» EXERCISE DIRECTIONS: At the line that holds "Hotel Binario Umeda", start repeating, and keep going exactly through the final line of the material; include both ends and skip the pictures.

--- GIVEN RECORDS Enclosed Below ---

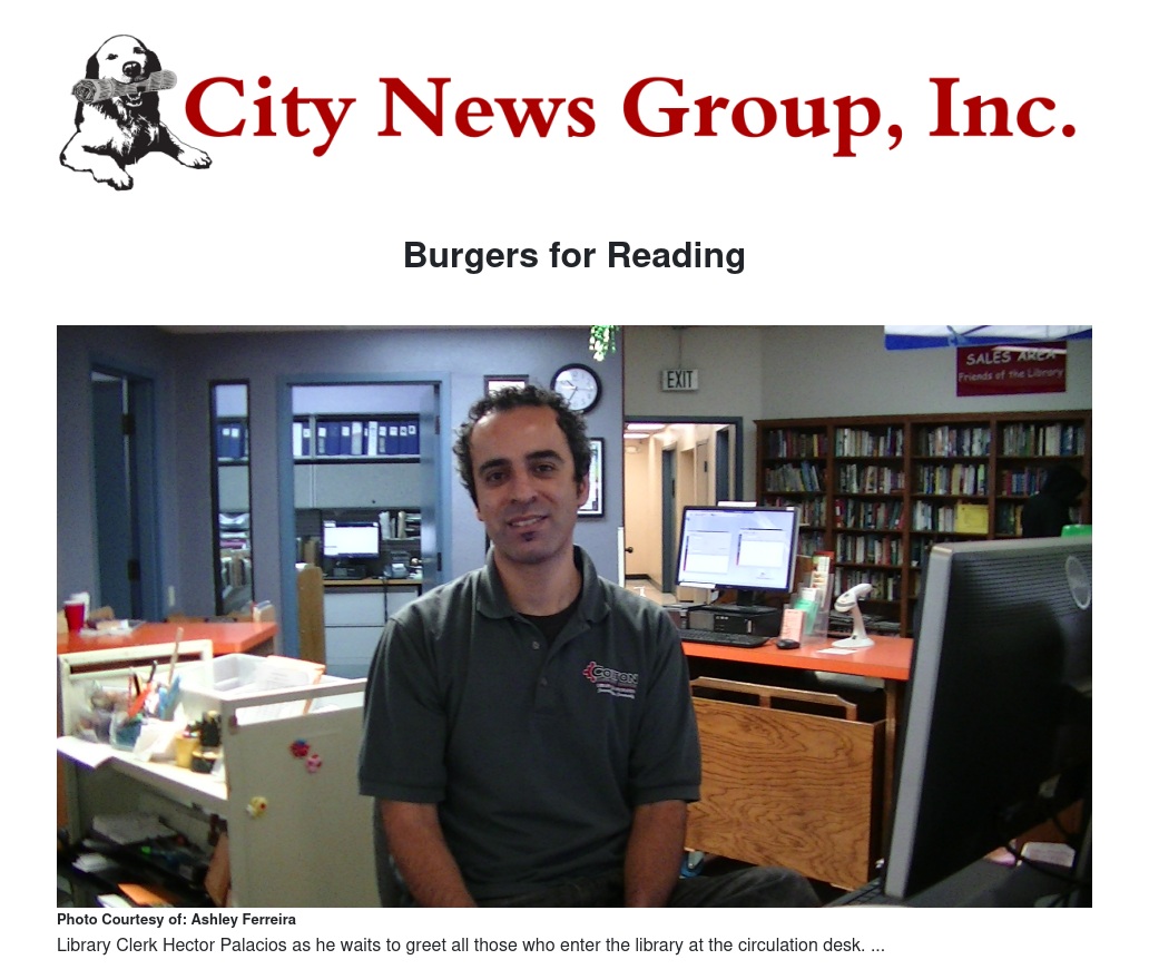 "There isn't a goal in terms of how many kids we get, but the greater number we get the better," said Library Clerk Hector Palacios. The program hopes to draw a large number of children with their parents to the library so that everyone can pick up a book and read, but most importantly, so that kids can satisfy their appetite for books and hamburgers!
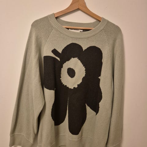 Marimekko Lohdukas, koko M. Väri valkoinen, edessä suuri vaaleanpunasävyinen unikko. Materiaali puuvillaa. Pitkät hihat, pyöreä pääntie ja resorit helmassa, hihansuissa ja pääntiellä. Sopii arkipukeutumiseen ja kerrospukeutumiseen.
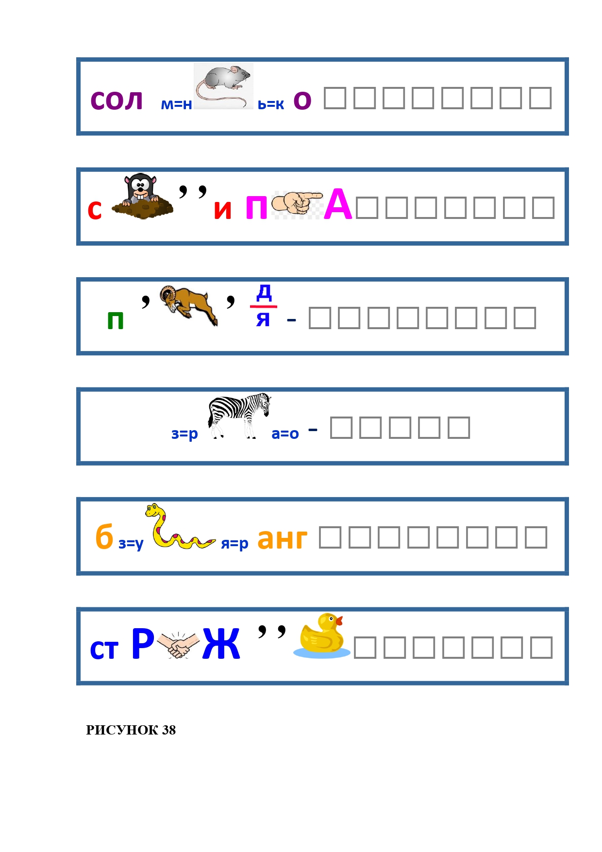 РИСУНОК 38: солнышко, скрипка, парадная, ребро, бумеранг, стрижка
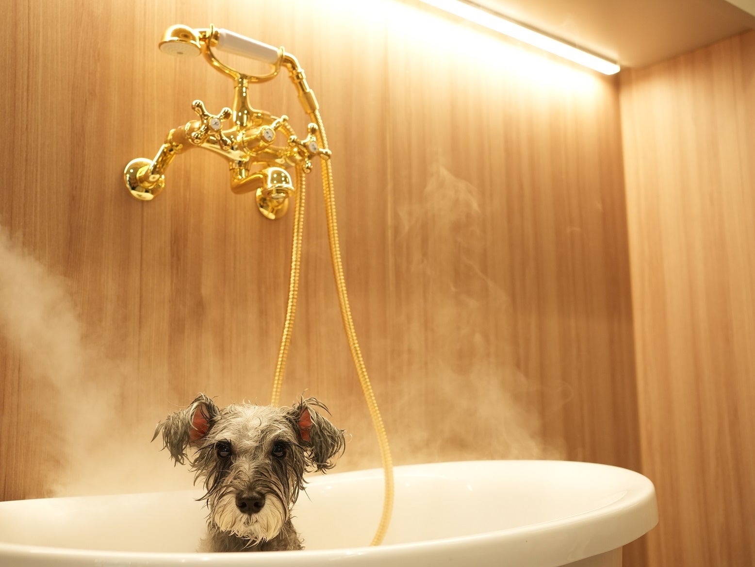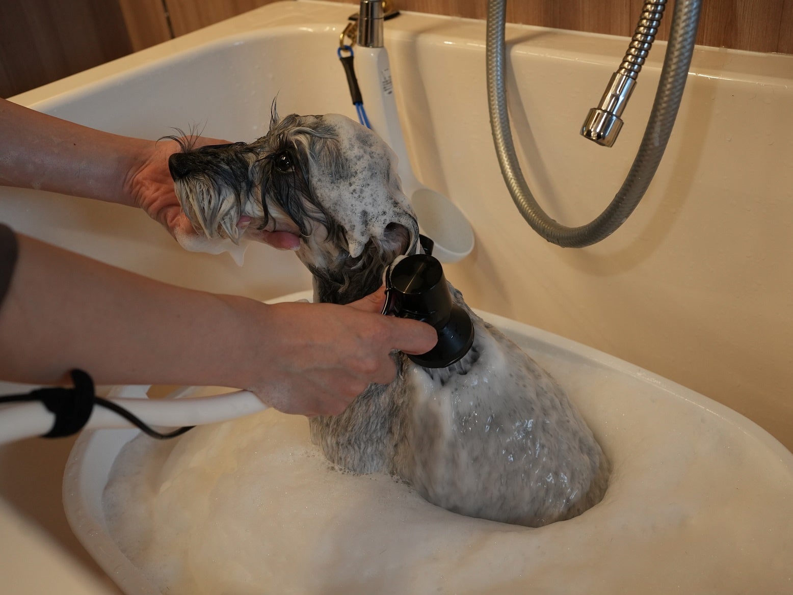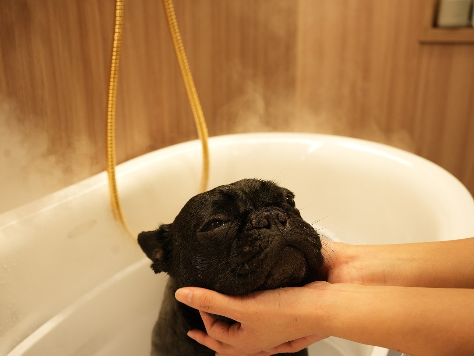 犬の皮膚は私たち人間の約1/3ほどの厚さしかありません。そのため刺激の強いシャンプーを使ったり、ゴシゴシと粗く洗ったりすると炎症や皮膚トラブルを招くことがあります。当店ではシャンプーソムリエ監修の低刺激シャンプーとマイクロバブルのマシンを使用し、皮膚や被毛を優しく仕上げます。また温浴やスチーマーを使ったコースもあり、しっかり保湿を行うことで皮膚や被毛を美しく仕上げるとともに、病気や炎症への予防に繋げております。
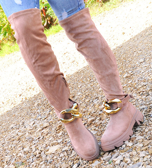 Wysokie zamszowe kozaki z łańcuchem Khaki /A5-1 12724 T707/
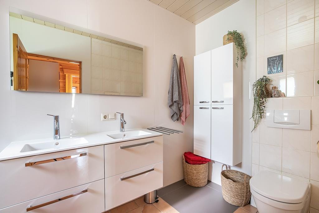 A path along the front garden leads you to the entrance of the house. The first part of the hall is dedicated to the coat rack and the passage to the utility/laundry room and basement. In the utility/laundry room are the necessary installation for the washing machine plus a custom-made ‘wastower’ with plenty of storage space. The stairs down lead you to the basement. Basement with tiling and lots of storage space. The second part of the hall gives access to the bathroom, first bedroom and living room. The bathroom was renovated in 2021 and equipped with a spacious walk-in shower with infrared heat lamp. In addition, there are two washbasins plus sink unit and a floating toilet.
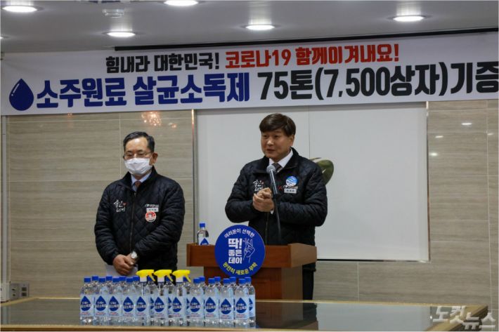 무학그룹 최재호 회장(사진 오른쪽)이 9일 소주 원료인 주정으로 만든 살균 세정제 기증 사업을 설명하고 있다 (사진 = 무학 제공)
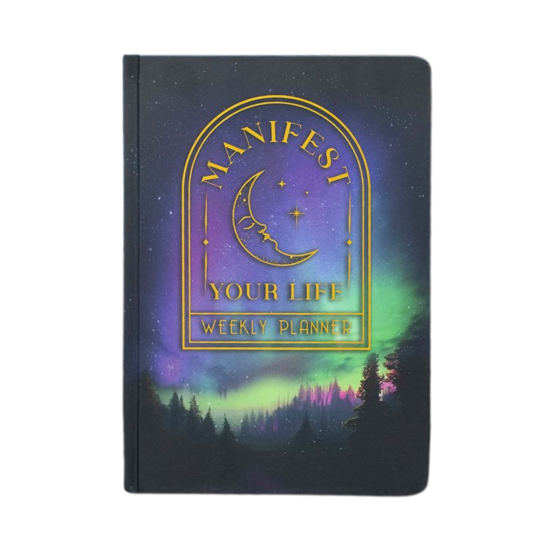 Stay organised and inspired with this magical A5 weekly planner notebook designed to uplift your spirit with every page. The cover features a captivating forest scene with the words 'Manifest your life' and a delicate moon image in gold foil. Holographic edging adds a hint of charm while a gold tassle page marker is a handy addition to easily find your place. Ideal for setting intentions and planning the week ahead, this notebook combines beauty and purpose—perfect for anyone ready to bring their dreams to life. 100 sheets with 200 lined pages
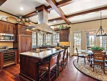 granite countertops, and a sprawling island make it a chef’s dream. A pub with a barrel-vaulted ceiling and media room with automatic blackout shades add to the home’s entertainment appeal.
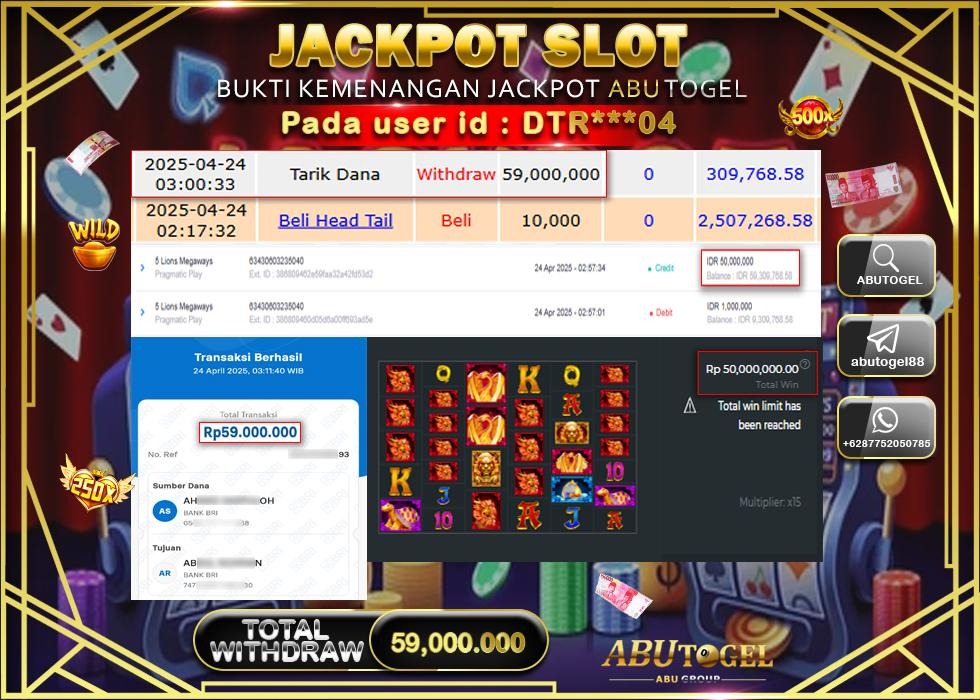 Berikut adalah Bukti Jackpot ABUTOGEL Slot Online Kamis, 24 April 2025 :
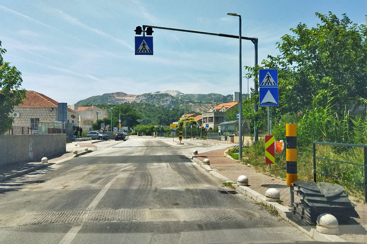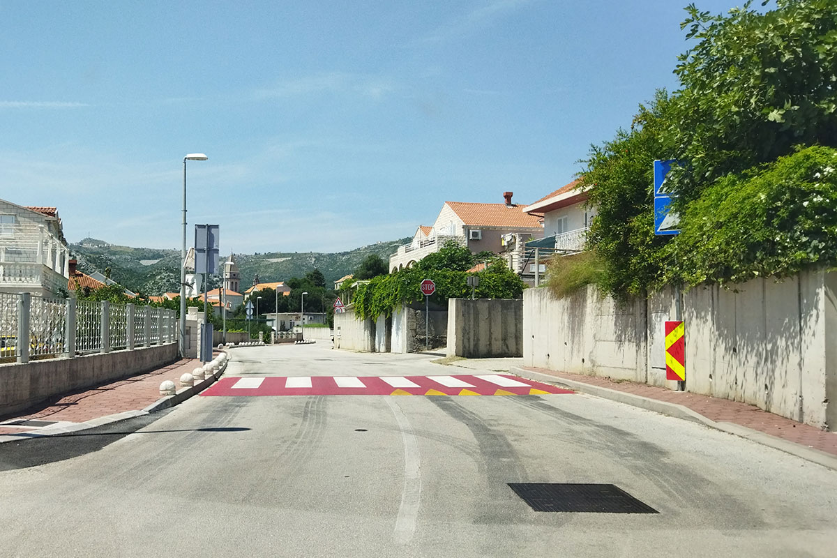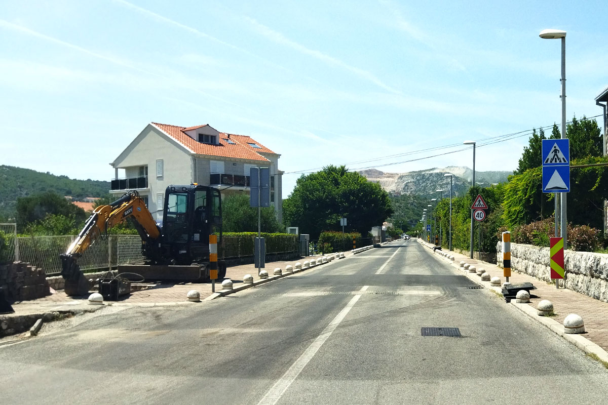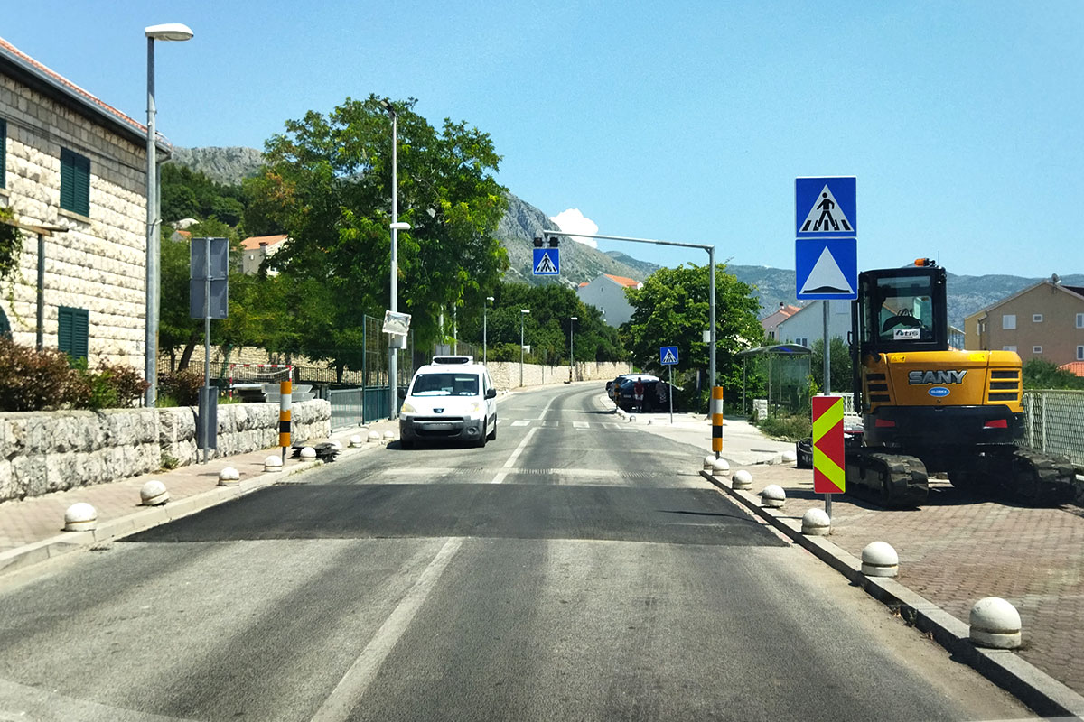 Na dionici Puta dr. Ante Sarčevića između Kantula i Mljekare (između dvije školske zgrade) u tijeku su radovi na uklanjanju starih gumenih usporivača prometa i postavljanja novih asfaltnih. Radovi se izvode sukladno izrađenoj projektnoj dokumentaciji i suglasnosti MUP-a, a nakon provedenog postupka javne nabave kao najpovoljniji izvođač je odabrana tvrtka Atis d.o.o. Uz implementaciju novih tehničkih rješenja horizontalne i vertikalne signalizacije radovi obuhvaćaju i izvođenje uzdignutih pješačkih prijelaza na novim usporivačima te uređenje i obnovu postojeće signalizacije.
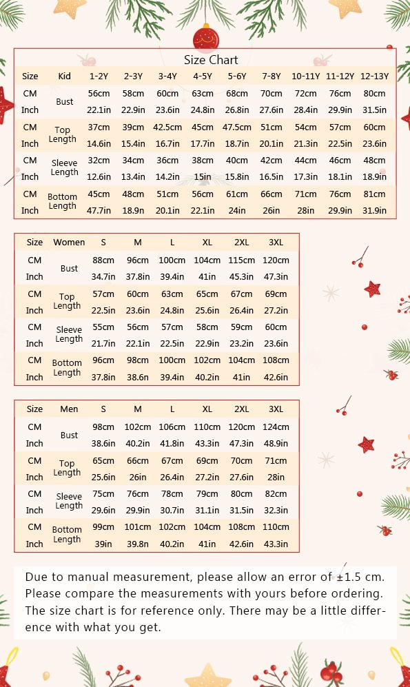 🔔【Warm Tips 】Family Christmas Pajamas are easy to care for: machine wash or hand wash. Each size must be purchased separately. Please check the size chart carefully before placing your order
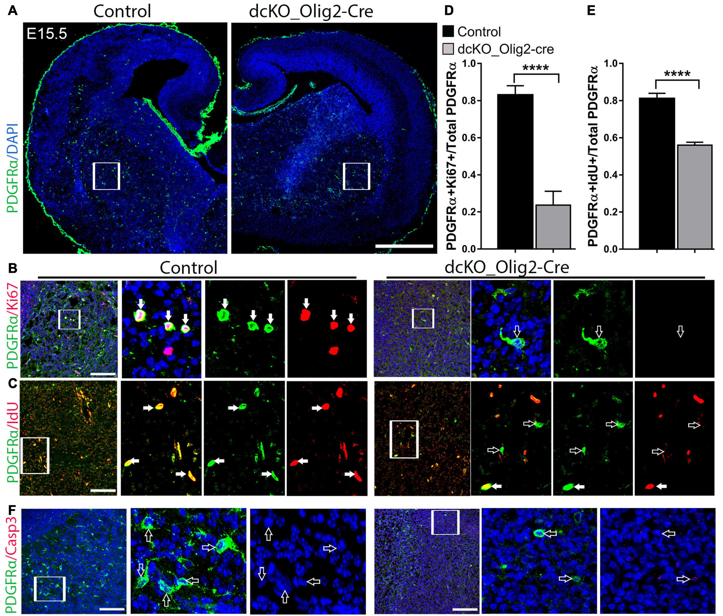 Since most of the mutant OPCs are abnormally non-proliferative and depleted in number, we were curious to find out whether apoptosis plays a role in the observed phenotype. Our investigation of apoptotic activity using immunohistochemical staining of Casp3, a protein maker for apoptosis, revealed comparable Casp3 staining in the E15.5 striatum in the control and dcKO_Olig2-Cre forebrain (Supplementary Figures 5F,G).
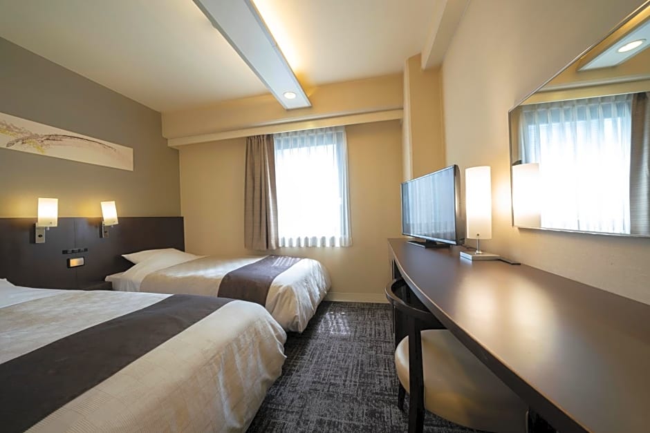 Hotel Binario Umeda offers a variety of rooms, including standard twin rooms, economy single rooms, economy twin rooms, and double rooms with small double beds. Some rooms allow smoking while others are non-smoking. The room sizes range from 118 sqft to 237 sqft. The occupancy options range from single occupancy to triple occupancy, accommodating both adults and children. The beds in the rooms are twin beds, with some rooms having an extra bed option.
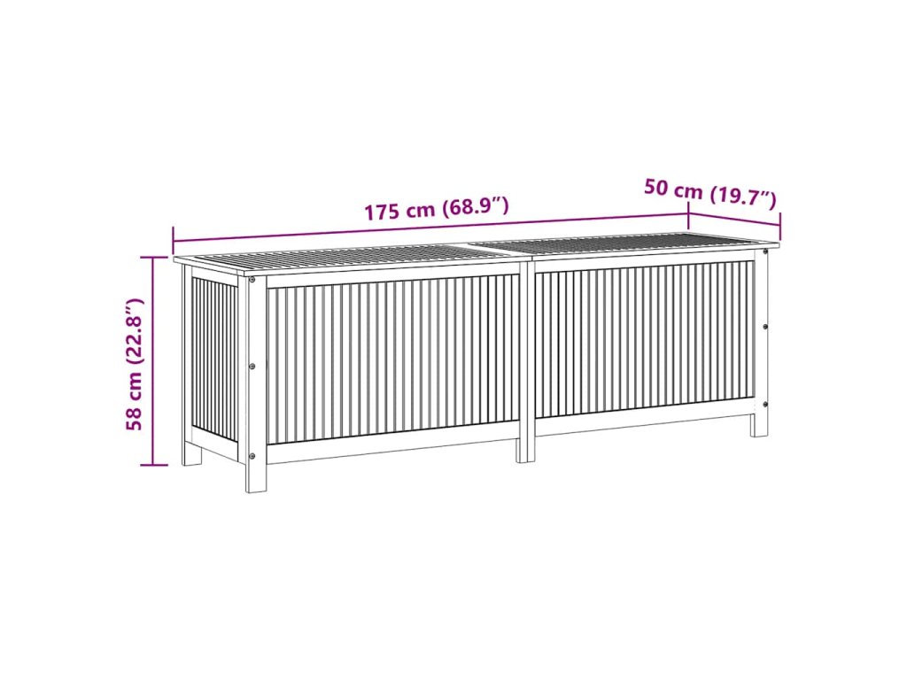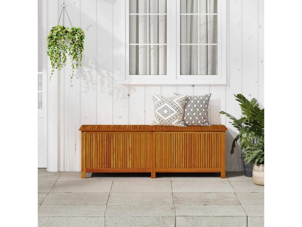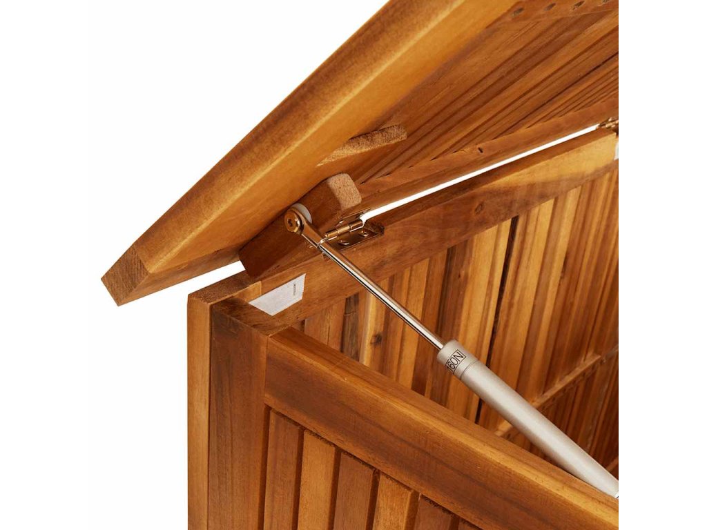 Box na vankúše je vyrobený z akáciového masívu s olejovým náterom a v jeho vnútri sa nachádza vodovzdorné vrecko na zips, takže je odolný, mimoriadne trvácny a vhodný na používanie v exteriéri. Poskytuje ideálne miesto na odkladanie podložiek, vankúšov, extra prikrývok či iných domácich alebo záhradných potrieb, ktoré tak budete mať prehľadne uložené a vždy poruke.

--- End of Enclosed GIVEN RECORDS ---

» TASK OUTPUT:
 Hotel Binario Umeda offers a variety of rooms, including standard twin rooms, economy single rooms, economy twin rooms, and double rooms with small double beds. Some rooms allow smoking while others are non-smoking. The room sizes range from 118 sqft to 237 sqft. The occupancy options range from single occupancy to triple occupancy, accommodating both adults and children. The beds in the rooms are twin beds, with some rooms having an extra bed option.
 Box na vankúše je vyrobený z akáciového masívu s olejovým náterom a v jeho vnútri sa nachádza vodovzdorné vrecko na zips, takže je odolný, mimoriadne trvácny a vhodný na používanie v exteriéri. Poskytuje ideálne miesto na odkladanie podložiek, vankúšov, extra prikrývok či iných domácich alebo záhradných potrieb, ktoré tak budete mať prehľadne uložené a vždy poruke.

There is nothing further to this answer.